To do>
Copy word for word the line containing "대화를 마치면 전설 등급 방어구인 오세람 숙련공을 얻을 수 있습니다." together with all lines following it to the end of the listing below, without the pictures.

** Opening Exercise data block **

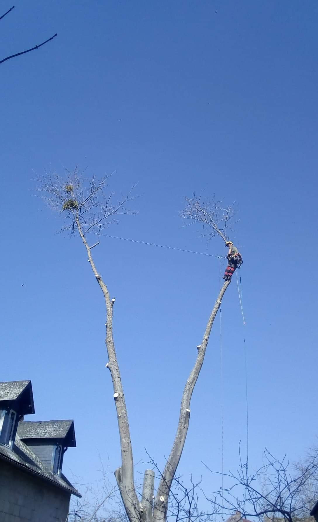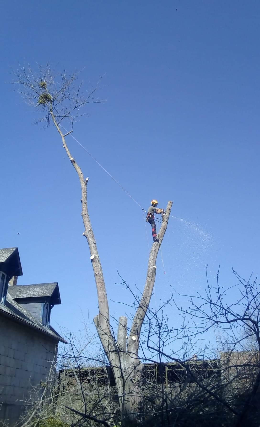 Travaux d’élagage, abattage délicat d’un érable lacinié par démontage en rétention à Forges-les-Eaux, Seine Maritime (76). N’hésitez pas à contacter Etienne Longeaud pour vos travaux d’élagage et d’abattage.
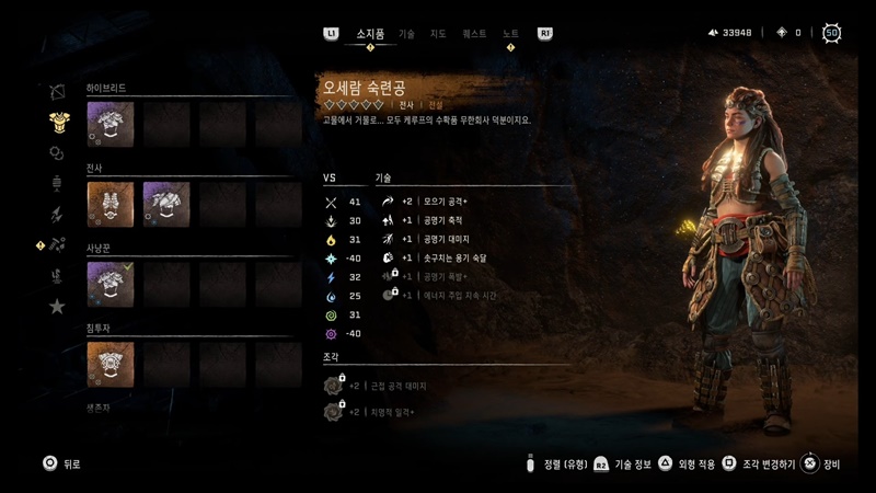 대화를 마치면 전설 등급 방어구인 오세람 숙련공을 얻을 수 있습니다.
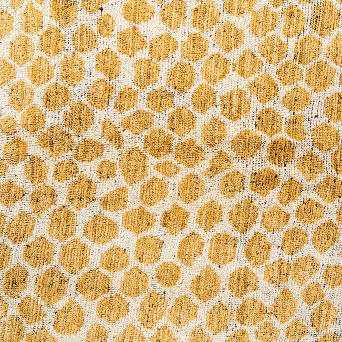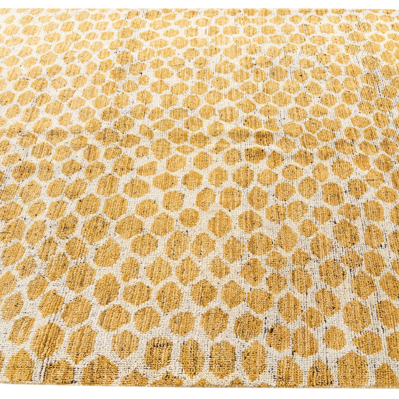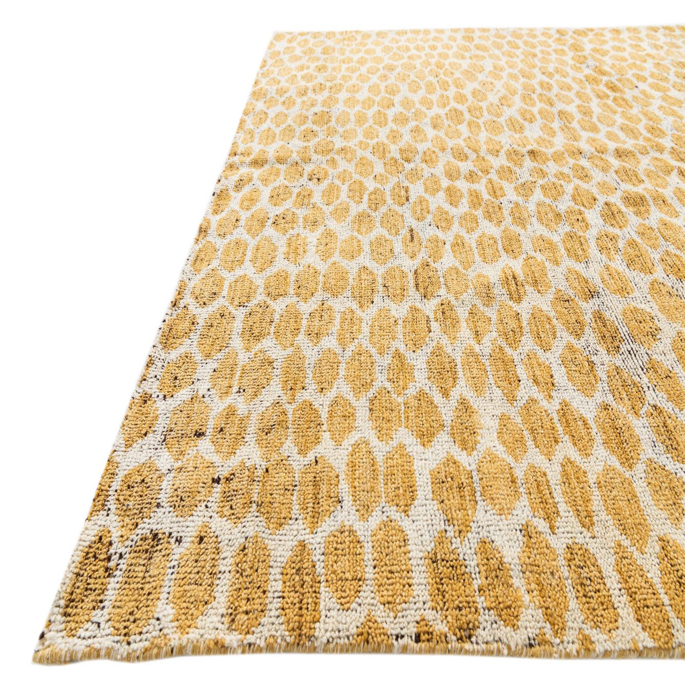 A 6x9 rectangular yellow and cream tribal shag rug with an abstract dotted pattern, perfect for a living room.
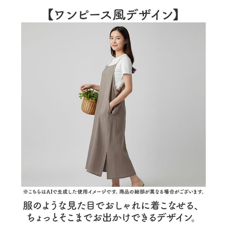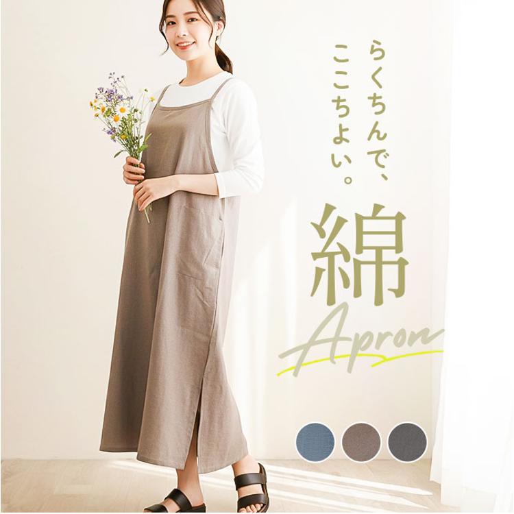 ・すっぽり被るだけ、ボタンレスで楽ちん。ワンピースのような、両脇スリットエプロン。
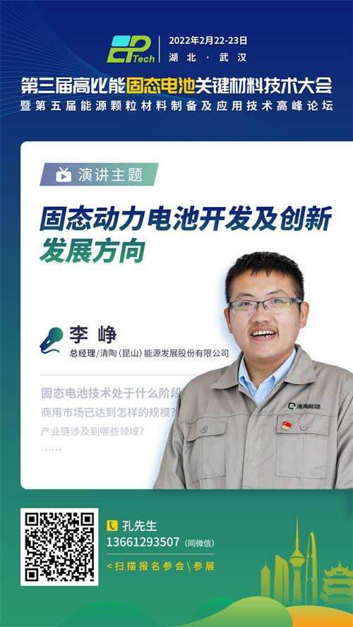 為促進行業交流,2022年2月22-23日,由中國粉體網主辦的“第三屆高比能固態電池關鍵材料技術大會”將于湖北武漢東方建國大酒店舉辦,屆時將邀請來自清陶(昆山)能源發展股份有限公司的李崢總經理作《固態動力電池開發及創新發展方向》報告。報告基于主講人清陶多年固態電池開發經驗和近年來與各新能源汽車整車企業進行產品方案設計和測試的經驗。針對動力電池用戶需求,主講人將介紹固態電池在新能源汽車領域應用的研發思路和開發方向;并從材料+裝備+工藝的多維度角度入手,介紹清陶在固態動力電池領域的產品開發進展。

** Closing Exercise data block **

Output>
 대화를 마치면 전설 등급 방어구인 오세람 숙련공을 얻을 수 있습니다.
 A 6x9 rectangular yellow and cream tribal shag rug with an abstract dotted pattern, perfect for a living room.
 ・すっぽり被るだけ、ボタンレスで楽ちん。ワンピースのような、両脇スリットエプロン。
 為促進行業交流,2022年2月22-23日,由中國粉體網主辦的“第三屆高比能固態電池關鍵材料技術大會”將于湖北武漢東方建國大酒店舉辦,屆時將邀請來自清陶(昆山)能源發展股份有限公司的李崢總經理作《固態動力電池開發及創新發展方向》報告。報告基于主講人清陶多年固態電池開發經驗和近年來與各新能源汽車整車企業進行產品方案設計和測試的經驗。針對動力電池用戶需求,主講人將介紹固態電池在新能源汽車領域應用的研發思路和開發方向;并從材料+裝備+工藝的多維度角度入手,介紹清陶在固態動力電池領域的產品開發進展。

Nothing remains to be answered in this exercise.